One of my good friends told me about this fantastic recipe. He had seen it on an episode of America's Test Kitchen and you can find the original recipe
here. I love to cook and experiment with food, so I decided to try it out. I love pork loin, and what better way to eat some than with a brand new recipe!
What you will need:
- 1 14 ounce can of whole-berry cranberry sauce
- 1/2 cup of orange juice
- 1/2 cup dried cranberries
- 1/4 teaspoon cinnamon
- 3 strips of orange zest, with the pith removed
- 4 to 5 pound pork loin
- cooking spray, olive, or vegetable oil
This recipe is ridiculously simple. Your first step is to stir together the cranberry sauce, juice, dried cranberries, and cinnamon in your slow cooker. Add the strips of orange zest on top. To make the orange zest, just use a vegetable peeler and slice a strip approximately 3 inches long. Try not to cut too deep as the white part between the orange and the skin, also called the pith, is very bitter.

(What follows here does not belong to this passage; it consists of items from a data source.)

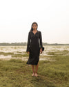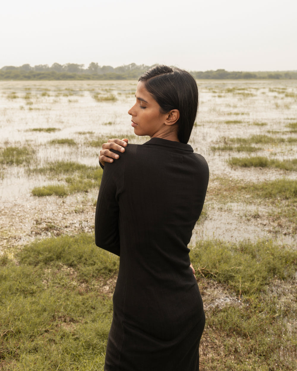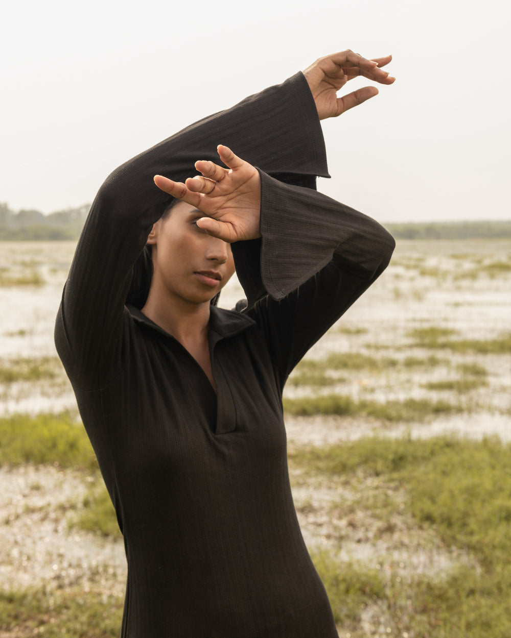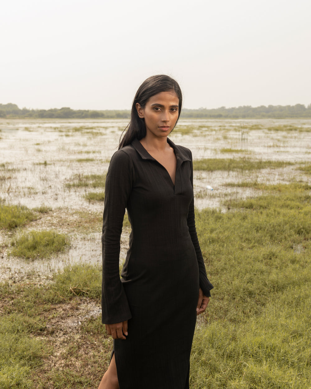 A twist on a classic: the black dress. Perfect for any occasion, from parties to work meetings. The side slits add a touch of excitement to this staple piece.
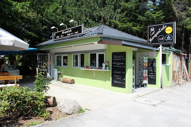 An diesem Kiosk wirst du von der Besitzerin sehr freundlich begrüßt. Unsere Forscher haben eine kleine Erfrischung von ihr geschenkt bekommen. Ihnen gefällt der Name des Ladens und dass er grün angestrichen ist.
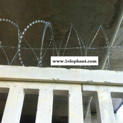 百瑞 铁路护栏网 铁路刺丝滚笼防护栅栏 高铁刺丝防御 加高蛇腹刀片滚笼 刀片刺丝刺绳大全 刀刺滚笼|刺丝滚笼|刺铁滚笼安装在铁路线路防护栅栏工程上,铁路线路防护栅栏适用于新建铁路工程、在建铁路工程和既有铁路工程改造,设计时速200km一下的铁路,一般地段采用1.8米高度钢筋混凝土防护栅栏和金属网片防护栅栏,重点区段(含动车径路)采用1.8米高度钢筋混凝土防护栅栏加0.5米热镀锌刺丝滚笼,铁路线路防护栅栏应设置在围地界以内0.5米处;时速200km以上采用2.7米高度钢筋混凝土防护栅栏和金属网片防护栅栏,安装重点同上。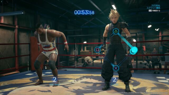 エアリスがレバー上下、ティファは○ボタン連打です。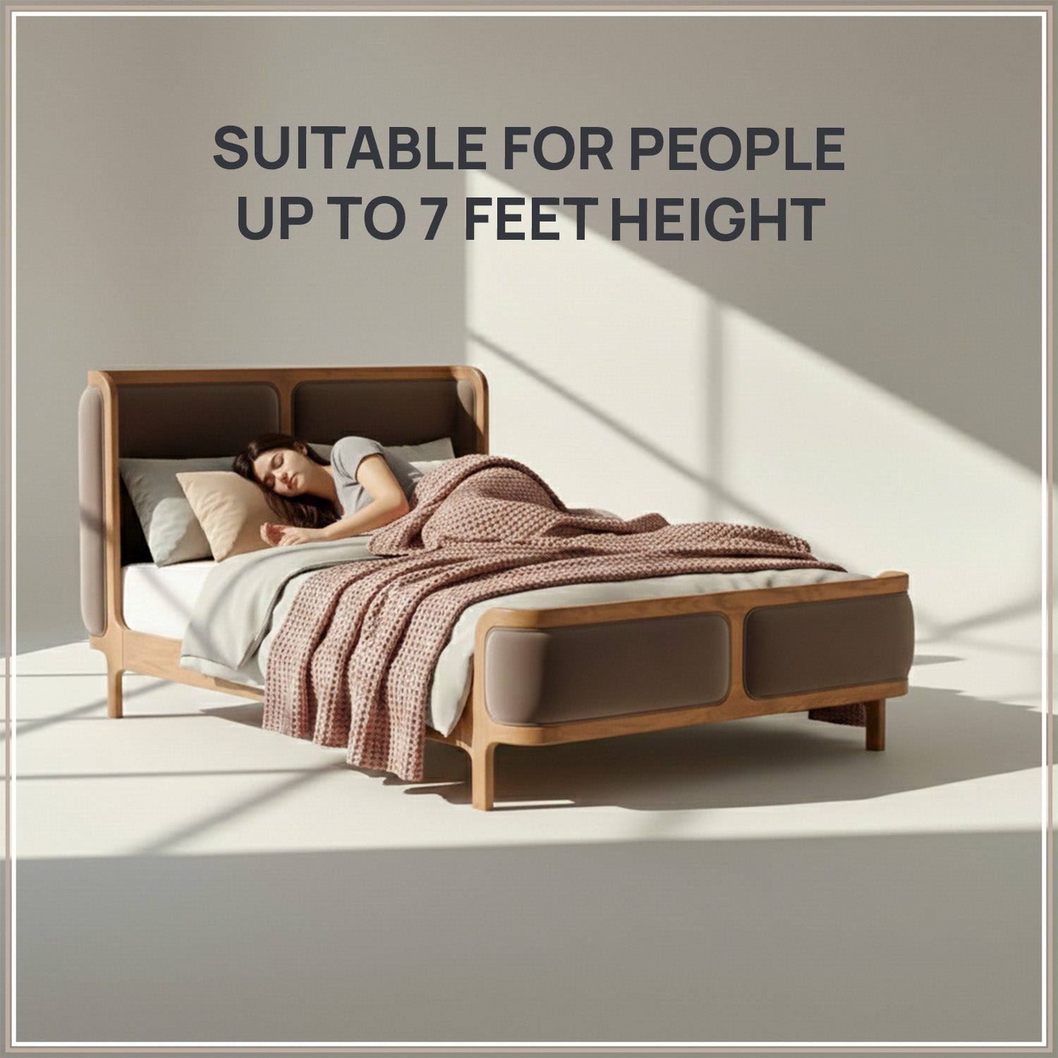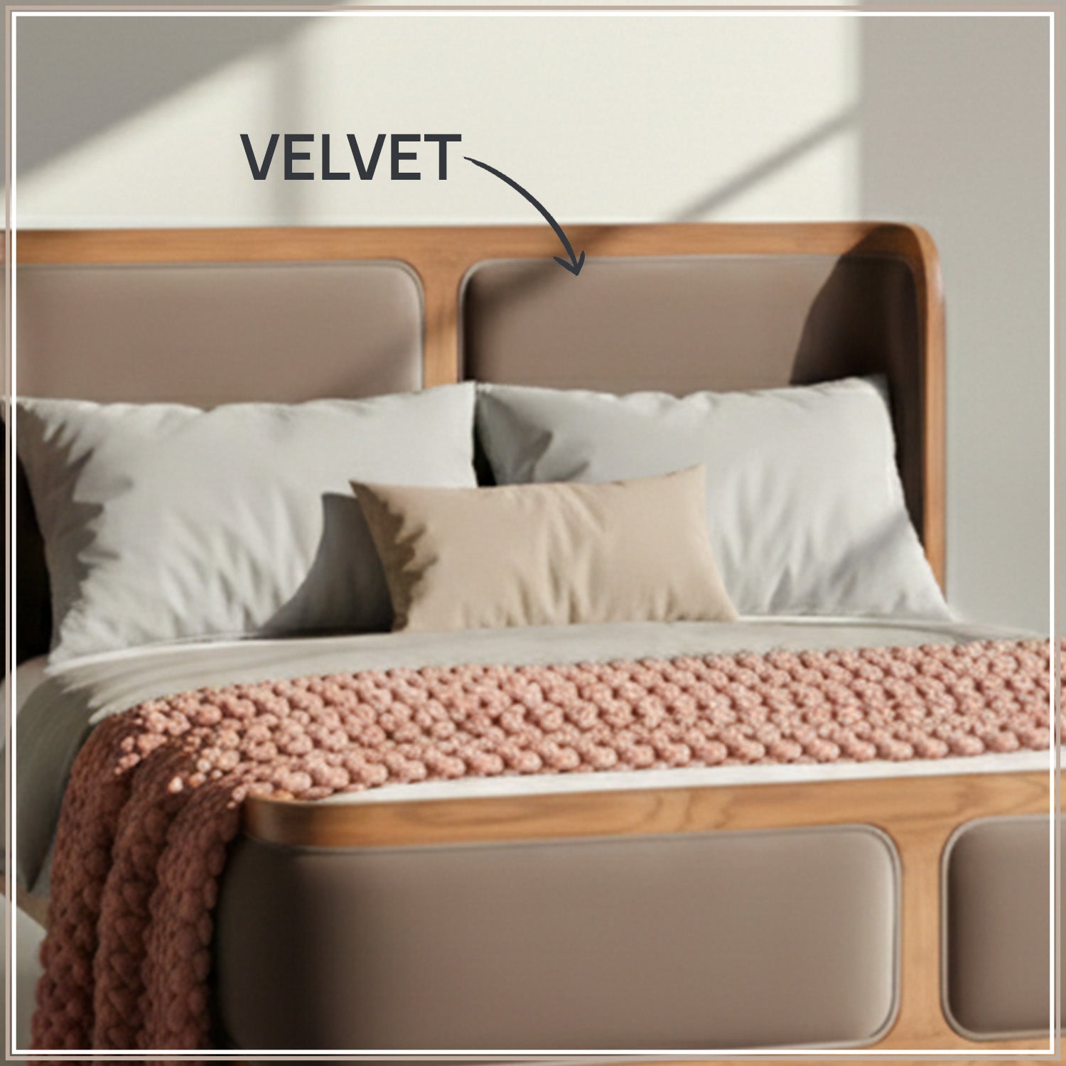 Contemporary and bold in its design language, the Nestroots Valerio Duo-Panel Luxe Bed is crafted to make a refined statement in modern bedrooms. The bed showcases a striking dual-panel upholstered headboard, thoughtfully designed to add visual depth, structure, and sophistication. Its clean geometry and balanced proportions create a strong yet elegant presence, making it an ideal choice for urban and contemporary interiors.Upholstered in rich, premium velvet, the bed offers a soft, plush texture that elevates comfort while enhancing its luxurious appeal. The velvet upholstery contrasts beautifully with the clean-lined oak wood frame, highlighting the craftsmanship and creating a harmonious blend of warmth and modern design. Every detail reflects precision and attention to quality, ensuring both style and durability.

Then get a large skillet and lightly spray with oil. (I just used a stir-fry pan because I don't have a flat skillet. I know, I know. Being the cook I am, I need to get with the program.) Pat the pork loin dry with paper towels or a clean dishcloth. Liberally sprinkle salt and pepper on the surface of the meat and rub it in. Brown the pork loin about 3-5 minutes on each side on medium to high heat. Browning enhances the flavor!
Now to the easy part! Put the meat on top of the cranberry orange sauce and set to low for 4 hours... and wait.
After 4 hours are up, remove the meat from the slow cooker, set on a platter or cutting board, and tent with foil. Wait around 10 minutes for the meat to rest.
For the sauce, wait for about 5 minutes for it to settle and the fat to rise to the top. Spoon the fat off the top with a spoon. Remove the pieces of orange zest and throw away. Pour the sauce into a saucepan and simmer for around 10-12 minutes, reducing it down to around 2 cups.
Slice the pork and serve with the sauce! Bon appetite!